-- Task brief --
When you reach the line containing "Maak jouw feestje", begin reproducing the material exactly, stop after the line containing "A couture layer", and leave out any pictures along the way.

-- Extracted records --

☆ ☆ ☆ ☆ ☆

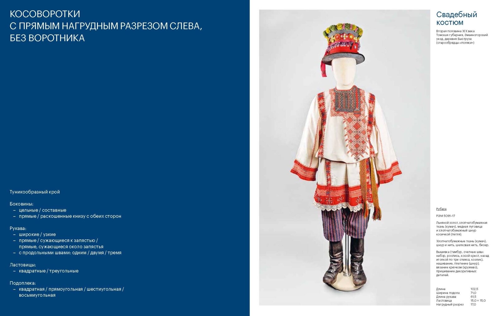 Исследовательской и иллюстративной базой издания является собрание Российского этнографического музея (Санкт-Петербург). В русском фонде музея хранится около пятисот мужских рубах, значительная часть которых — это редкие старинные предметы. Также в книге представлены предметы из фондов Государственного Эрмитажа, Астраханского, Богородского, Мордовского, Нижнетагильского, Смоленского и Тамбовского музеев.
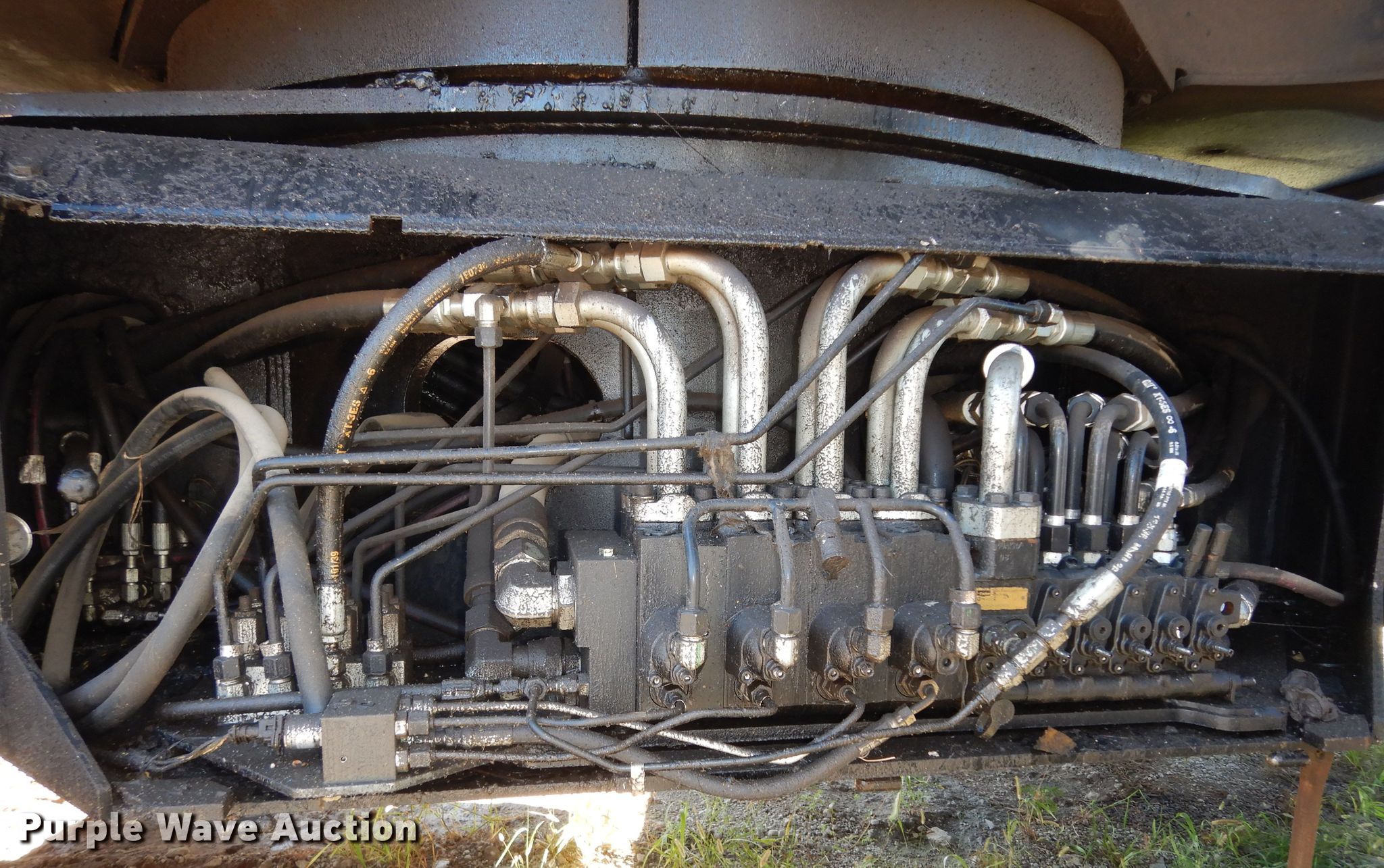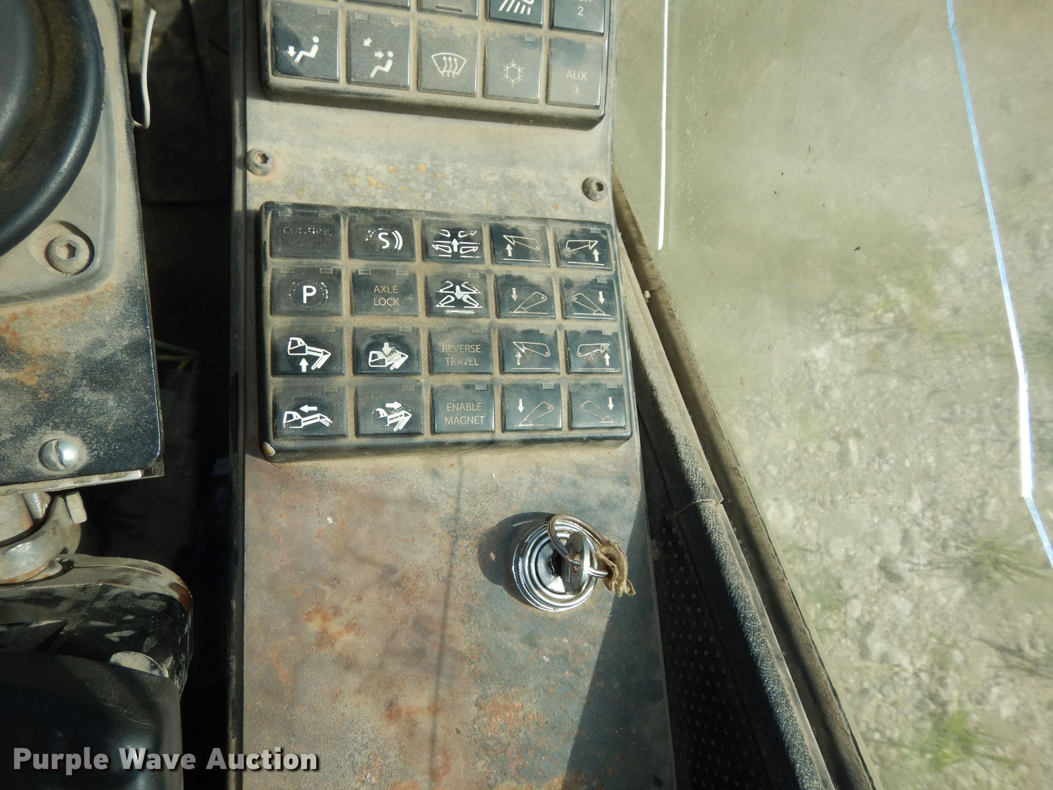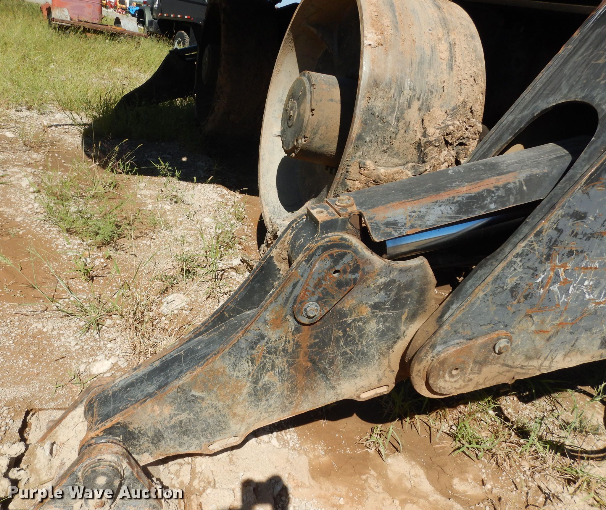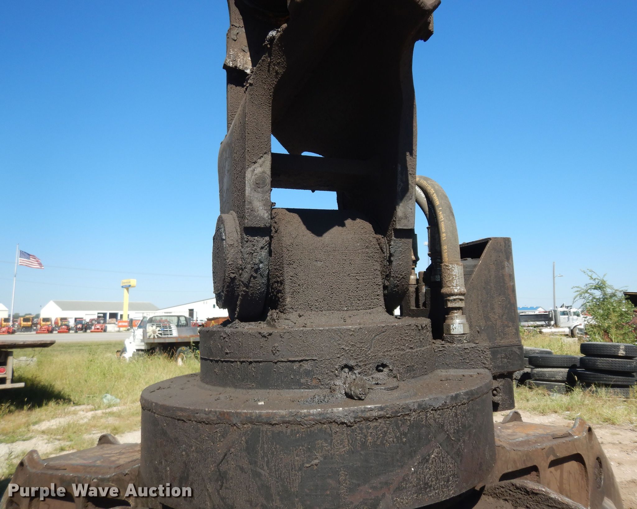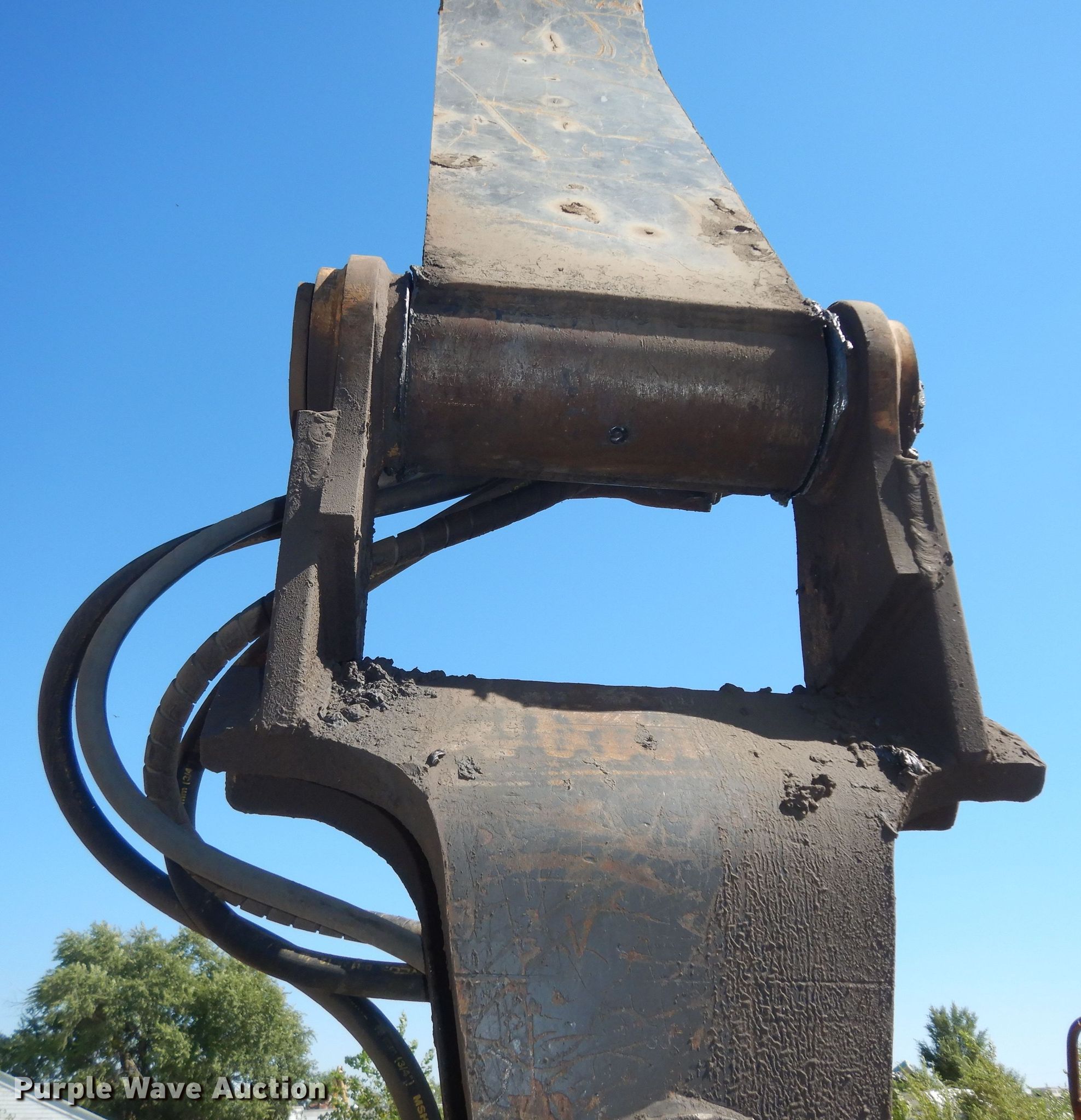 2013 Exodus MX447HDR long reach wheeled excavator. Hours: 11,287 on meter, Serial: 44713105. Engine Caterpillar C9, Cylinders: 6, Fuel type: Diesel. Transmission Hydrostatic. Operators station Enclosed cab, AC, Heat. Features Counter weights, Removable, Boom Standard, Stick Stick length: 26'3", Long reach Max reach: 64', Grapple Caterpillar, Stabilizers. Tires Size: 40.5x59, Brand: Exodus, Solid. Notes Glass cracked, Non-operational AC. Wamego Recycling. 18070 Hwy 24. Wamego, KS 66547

☆ ☆ ☆ ☆ ☆

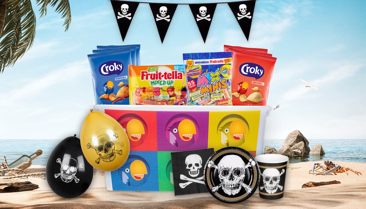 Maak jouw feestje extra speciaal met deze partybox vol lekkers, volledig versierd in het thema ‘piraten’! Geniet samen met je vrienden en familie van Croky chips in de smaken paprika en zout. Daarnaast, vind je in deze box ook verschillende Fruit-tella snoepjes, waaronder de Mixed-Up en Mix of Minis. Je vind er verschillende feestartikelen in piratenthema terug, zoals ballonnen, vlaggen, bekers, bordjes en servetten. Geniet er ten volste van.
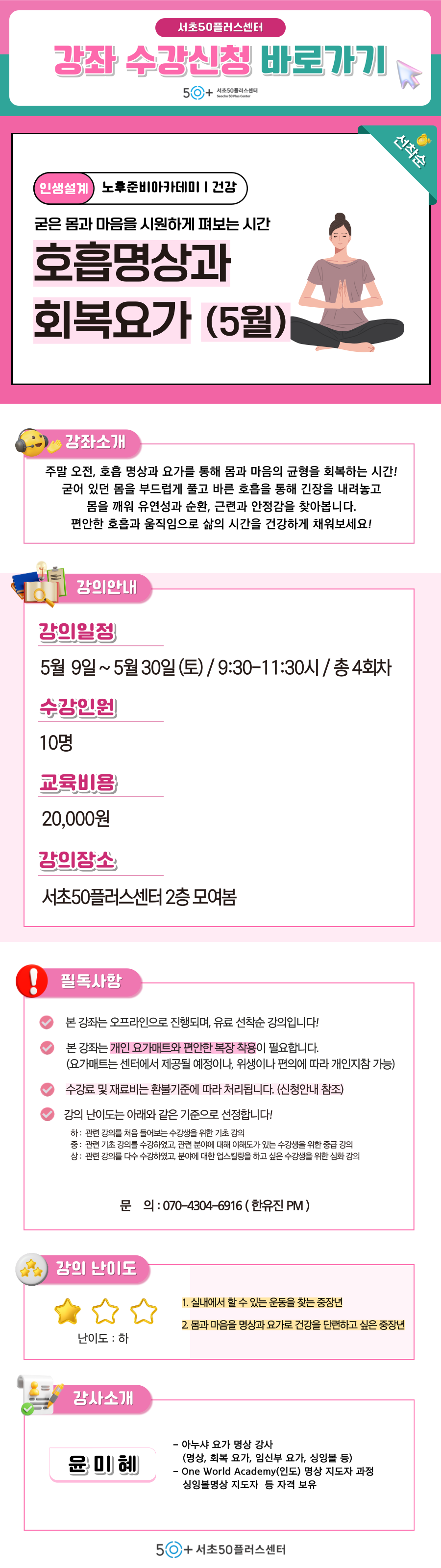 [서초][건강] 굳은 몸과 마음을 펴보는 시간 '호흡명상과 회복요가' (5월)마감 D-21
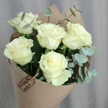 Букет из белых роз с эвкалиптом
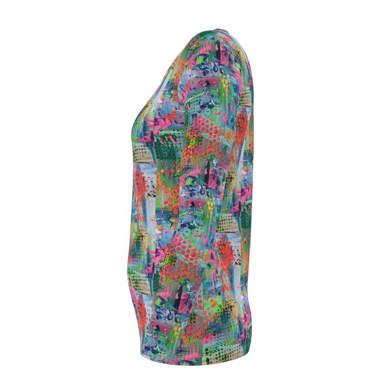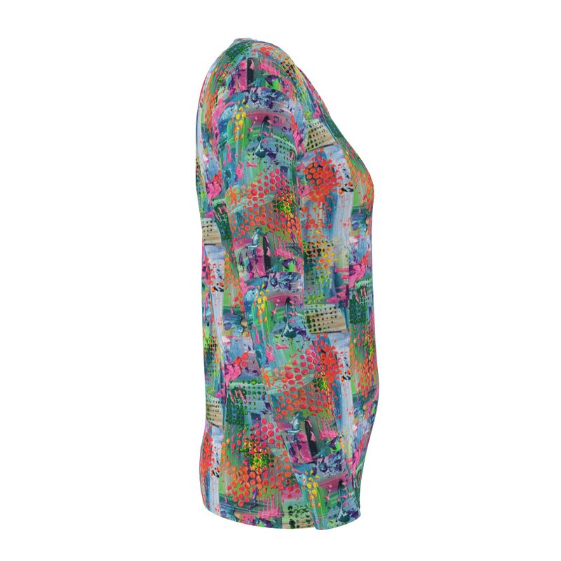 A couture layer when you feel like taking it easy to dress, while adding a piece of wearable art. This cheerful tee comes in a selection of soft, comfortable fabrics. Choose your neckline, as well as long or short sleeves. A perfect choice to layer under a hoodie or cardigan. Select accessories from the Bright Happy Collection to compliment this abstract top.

☆ ☆ ☆ ☆ ☆

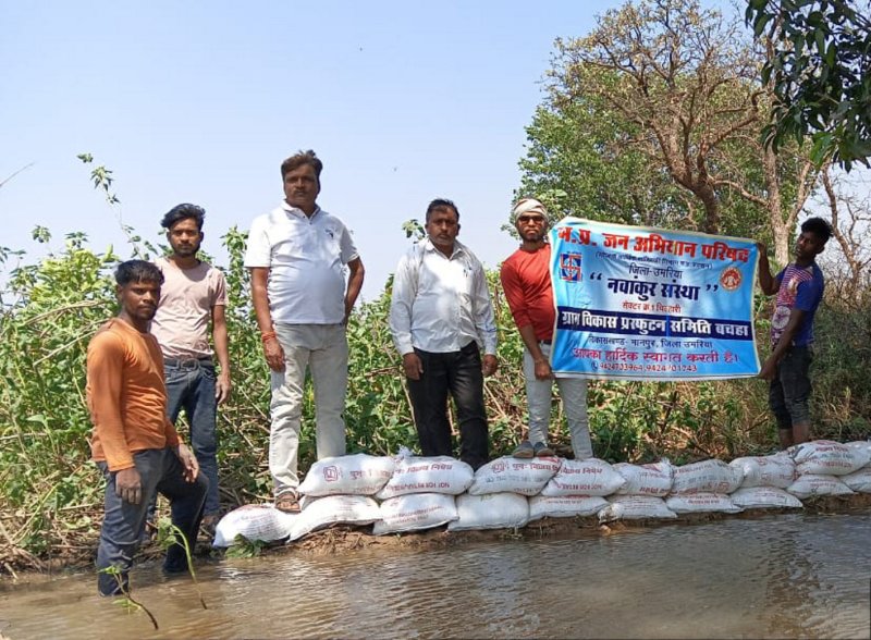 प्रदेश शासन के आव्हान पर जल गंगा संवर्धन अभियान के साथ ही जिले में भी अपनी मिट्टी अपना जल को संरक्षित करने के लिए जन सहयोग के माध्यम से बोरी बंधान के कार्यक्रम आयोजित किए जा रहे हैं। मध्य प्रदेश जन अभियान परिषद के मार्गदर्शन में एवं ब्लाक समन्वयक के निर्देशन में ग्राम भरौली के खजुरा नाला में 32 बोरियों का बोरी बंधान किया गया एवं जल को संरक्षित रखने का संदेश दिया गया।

☆ ☆ ☆ ☆ ☆

-- Response box --
 Maak jouw feestje extra speciaal met deze partybox vol lekkers, volledig versierd in het thema ‘piraten’! Geniet samen met je vrienden en familie van Croky chips in de smaken paprika en zout. Daarnaast, vind je in deze box ook verschillende Fruit-tella snoepjes, waaronder de Mixed-Up en Mix of Minis. Je vind er verschillende feestartikelen in piratenthema terug, zoals ballonnen, vlaggen, bekers, bordjes en servetten. Geniet er ten volste van.
 [서초][건강] 굳은 몸과 마음을 펴보는 시간 '호흡명상과 회복요가' (5월)마감 D-21
 Букет из белых роз с эвкалиптом
 A couture layer when you feel like taking it easy to dress, while adding a piece of wearable art. This cheerful tee comes in a selection of soft, comfortable fabrics. Choose your neckline, as well as long or short sleeves. A perfect choice to layer under a hoodie or cardigan. Select accessories from the Bright Happy Collection to compliment this abstract top.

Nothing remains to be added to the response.